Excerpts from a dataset
════════
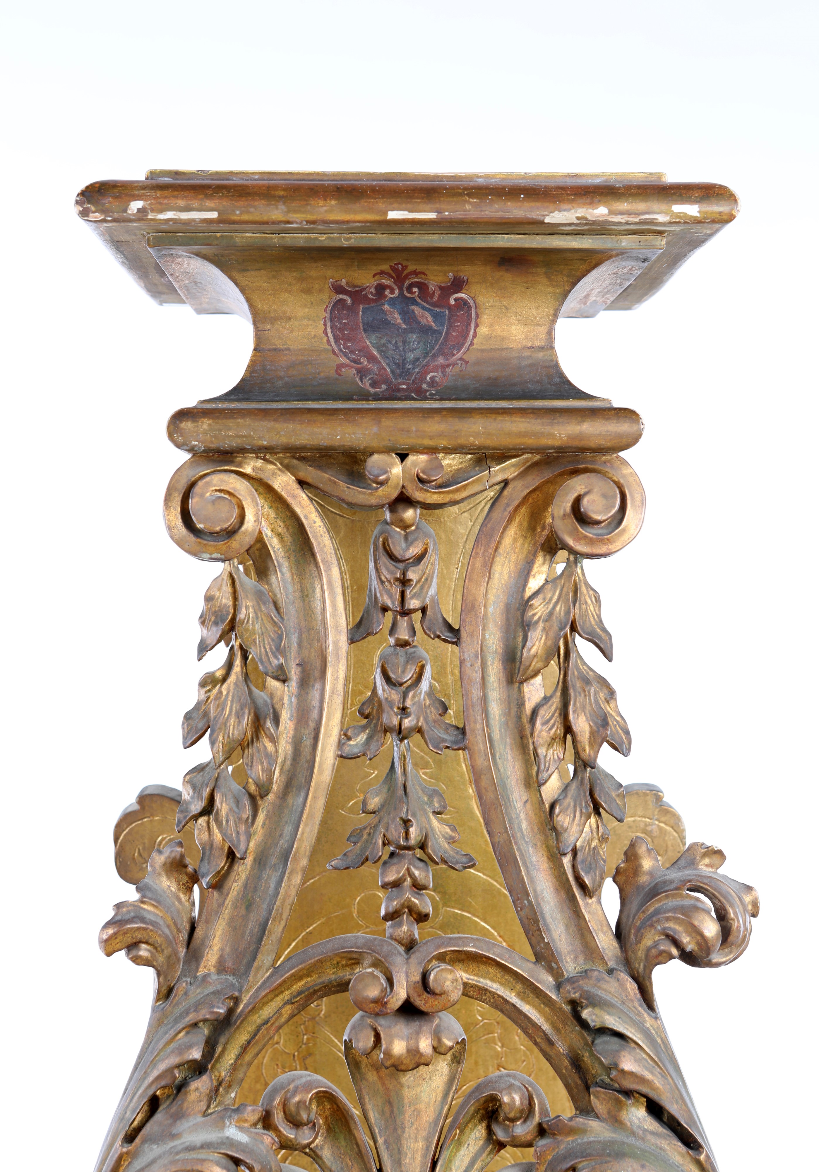 piano d'appoggio quadrangolare con stemma araldico dipinto in policromia posto al centro del cavetto, sostegni di linea sagomata, quello anteriore sottolineato da volute vegetali ed impreziosito da cascatelle minuziosamente intagliate; piedi ferini
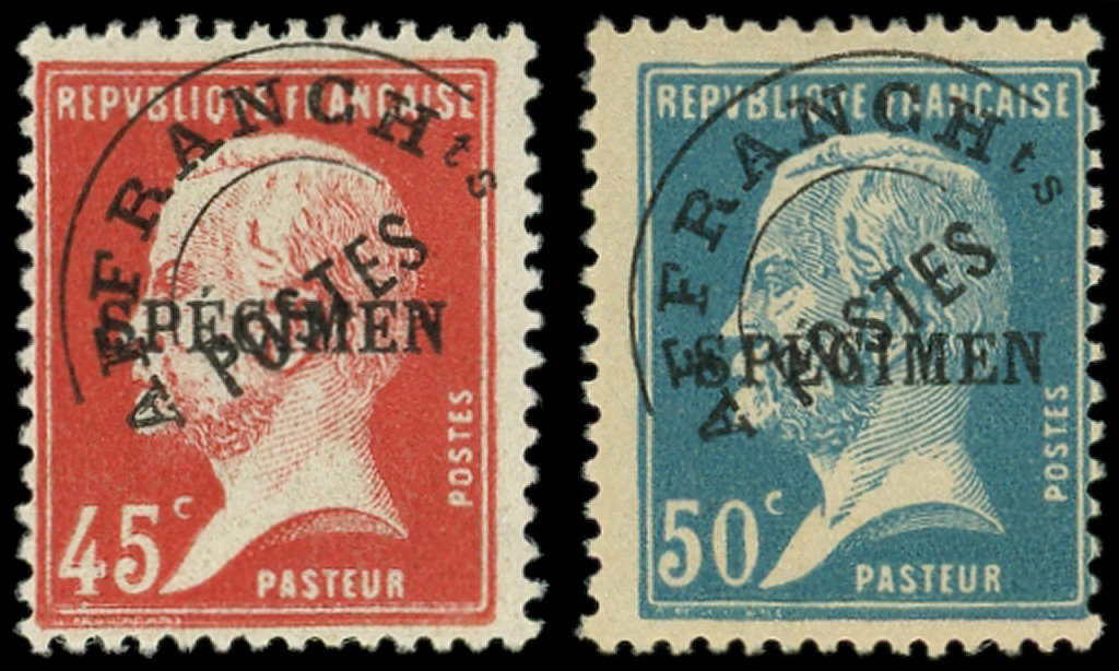 68-CI 1, Pasteur, 45c. rouge et 50c. bleu, surch. SPECIMEN, TB (Image)
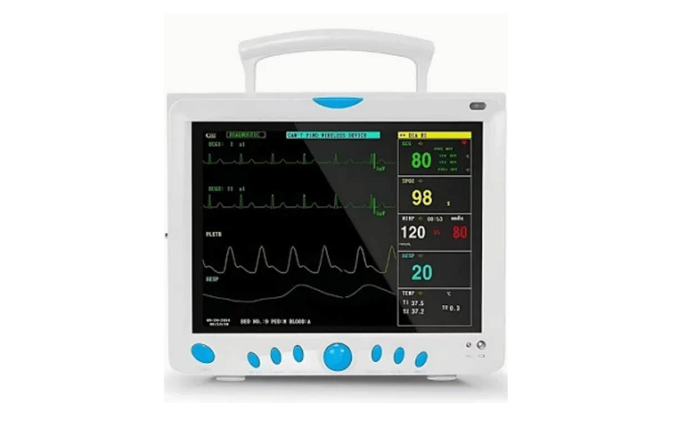 The Contec CMS8000 5‑Parameter Patient Monitor is an advanced medical monitoring device designed to continuously track important patient vital signs in hospitals, clinics, and intensive care units. This multiparameter monitor typically measures ECG, SpO₂ (oxygen saturation), NIBP (blood pressure), RESP (respiration rate), and temperature, providing healthcare professionals with real-time information about a patient’s condition. It features a large 12.1-inch color TFT display that shows clear waveforms and monitoring data simultaneously for easy observation. The device also includes audible and visual alarm systems that alert caregivers when vital signs move outside safe ranges. Built with a rechargeable battery and user-friendly controls, it ensures reliable monitoring even during patient transport. Suitable for adult, pediatric, and neonatal patients, the Contec 5-parameter patient monitor provides accurate, stable, and efficient patient monitoring in various healthcare environments.
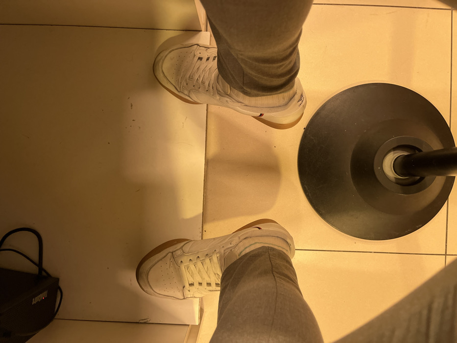 A high-angle shot captures two feet in white sneakers and gray denim jeans, positioned on a light-colored tiled floor. A black round base of a pole is visible to the right of the feet. To the left, a black object with a handle sits on a white surface, bordering the tiled floor. The overall lighting casts warm shadows, emphasizing textures and shapes.
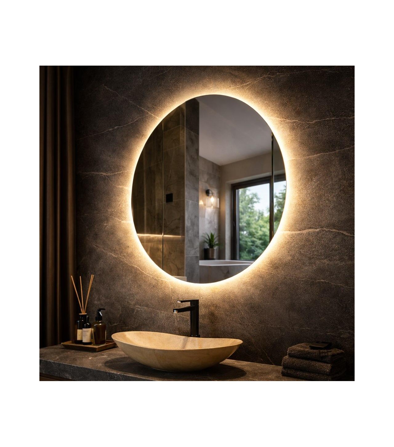 Lustro jest bezramowe, z perfekcyjnie szlifowanymi i polerowanymi krawędziami, dzięki czemu prezentuje się niezwykle nowocześnie i lekko. W standardzie oferujemy barwę ciepłą, a na życzenie dostępne są również neutralna i zimna – wybór należy do Ciebie.
════════
Exercise objective: Restate word for word only the lines from where the entries begin through the one with "68-CI 1, Pasteur, 45c."; omit the pictures.

Response:
 piano d'appoggio quadrangolare con stemma araldico dipinto in policromia posto al centro del cavetto, sostegni di linea sagomata, quello anteriore sottolineato da volute vegetali ed impreziosito da cascatelle minuziosamente intagliate; piedi ferini
 68-CI 1, Pasteur, 45c. rouge et 50c. bleu, surch. SPECIMEN, TB (Image)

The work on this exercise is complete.